APCNouvelles s’est entretenu avec Gbenga Sesan, le directeur exécutif de Paradigm Initiative Nigeria (PIN) à propos de l‘évolution de ces dernières années de la responsabilité des intermédiaires du pays quant au comportement de leurs utilisateurs. Nous l’avons également interrogé sur les autres enjeux importants pour le pays relatifs à l’internet.
APCNouvelles : Que pensez-vous de l‘évolution au cours des dernières années de la responsabilité des intermédiaires au Nigéria ?
Gbenga Sesan: Le meilleur indicateur dont nous disposons est, me semble-t-il, la Commission nigériane des communications qui, avec sa loi relative à l’interception légale des communications, veut s’assurer de rendre les entreprises de télécommunications responsables des actions de leurs abonnés sur le net.
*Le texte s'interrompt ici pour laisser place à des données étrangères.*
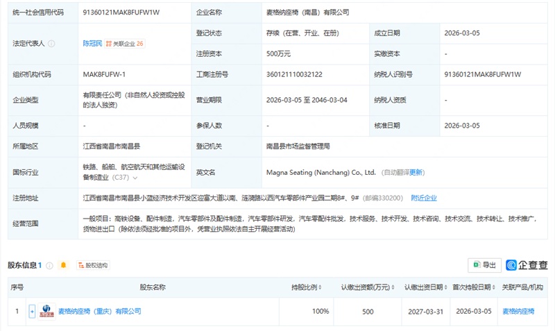 麦格纳座椅南昌公司注册 江西座椅产业集群再添新力

Cette loi exige entre autres de conserver les données des utilisateurs pendant un minimum de trois ans.
La Commission nigériane du droit d’auteur veut quant à elle rendre les hébergeurs de contenu responsables de ce que les utilisateurs font dans leurs réseaux. Cela incluerait les FSI (fournisseurs de service internet), les FAI (fournisseurs d’accès internet) et toute personne qui hébergerait des contenus. Ces lois n’ont pour le moment pas encore été approuvées.
APCNouvelles : Ces lois poussent-elles les utilisateurs à prouver leur identité réelle ?
Pas en soit. En fait, tous les abonnés doivent déjà indiquer leur véritable nom et leur identité pour pouvoir utiliser les services des fournisseurs de services de télécommunications et des FSI. Si bien que pour utiliser n’importe quel service internet ou de télécommunication, on doit pouvoir prouver qu’on est bien la personne qui s’inscrit. Cette réglementation était déjà en vigueur avant la rédaction de ces lois.
APCNouvelles : Le fait de devoir s’inscrire avec son nom réel modifie-t-il la façon dont les gens utilisent l’internet ?
Chacun reste libre de conserver son anonymat dans les médias sociaux, si bien que peu importe le réseau utilisé, on peut choisir de créer des comptes de médias sociaux avec son nom réel ou non. Récemment, il est arrivé qu’un employé du gouvernement accuse une personne d’encourager le terrorisme, sous couvert d’un compte anonyme. Une enquête a alors été menée pour découvrir l’auteur du compte, mais cela reste un cas isolé et il n’y a en général aucune pression de la part du gouvernement ou d’autres ministères pour exiger ce type d’information.
APCNouvelles : Avez-vous une réglementation spécifique sur la responsabilité des intermédiaires ?
La plupart des lois rigoureuses sur la responsabilité des intermédiaires en sont encore au stade de projet, et se préoccuppent principalement d’autres questions (comme la violation du droit d’auteur ou la conservation des données).
APCNouvelles : Les organisations de la société civile peuvent-elles participer au processus d‘élaboration des politiques ?
Oui, lors des audiences publiques et des solliciations de contributions, toute personne, organisation de la société civile ou autre partie prenante intéressée par la question peut apporter sa contribution. Dans le cas des projets de lois dont nous parlons, le plus souvent la consultation se fait avant leur approbation et les recommandations des parties prenantes sont souvent prises en considération.
Nous avons par exemple envoyé notre contribution au projet de loi relatif à la cybercriminalité, et certaines clauses ont effectivement été prises en compte. Nous avons recommandé de ne pas exiger certaines choses des fournisseurs de télécommunications, notamment la conservation des données (y compris les données d’essai et audio) pendant trois ans. Nous avons également proposé que la loi n’exige pas aux utilisateurs de prouver leur innocence, et qu’elle exige plutôt le contraire.
APCNouvelles : Y a-t-il au Nigéria des règles d’exonération pour protéger les intermédiaires ?
Pas spécifiquement. Le gouvernement cherche surtout à obtenir la collaboration des intermédiaires. Mais il n’est pas trop tard pour introduire ce type de mesures.
La PIN travaille actuellement avec APC sur un projet concernant la migration de la diffusion traditionnelle au numérique. Le gouvernement a accepté l‘échéance de 2015 de l’UIT, mais les experts estiment que le délai ne sera pas respecté. Quelle serait selon vous la meilleure approche à adopter ?
Je ne pense pas que le gouvernement réussisse à respecter ce délai, mais il faut continuer à apporter notre soutien pour y parvenir, au moins pour accélérer le processus et s’en rapprocher autant que possible.
Peu de gens parlent de la migration au numérique, seul le secteur privé attend visiblement cette possibilité qui leur est offerte de profiter des plateformes numériques, en raison de leur moindre coût. Il s’agit donc d’une décision principalement économique, liée aux coûts et à l’accès au marché.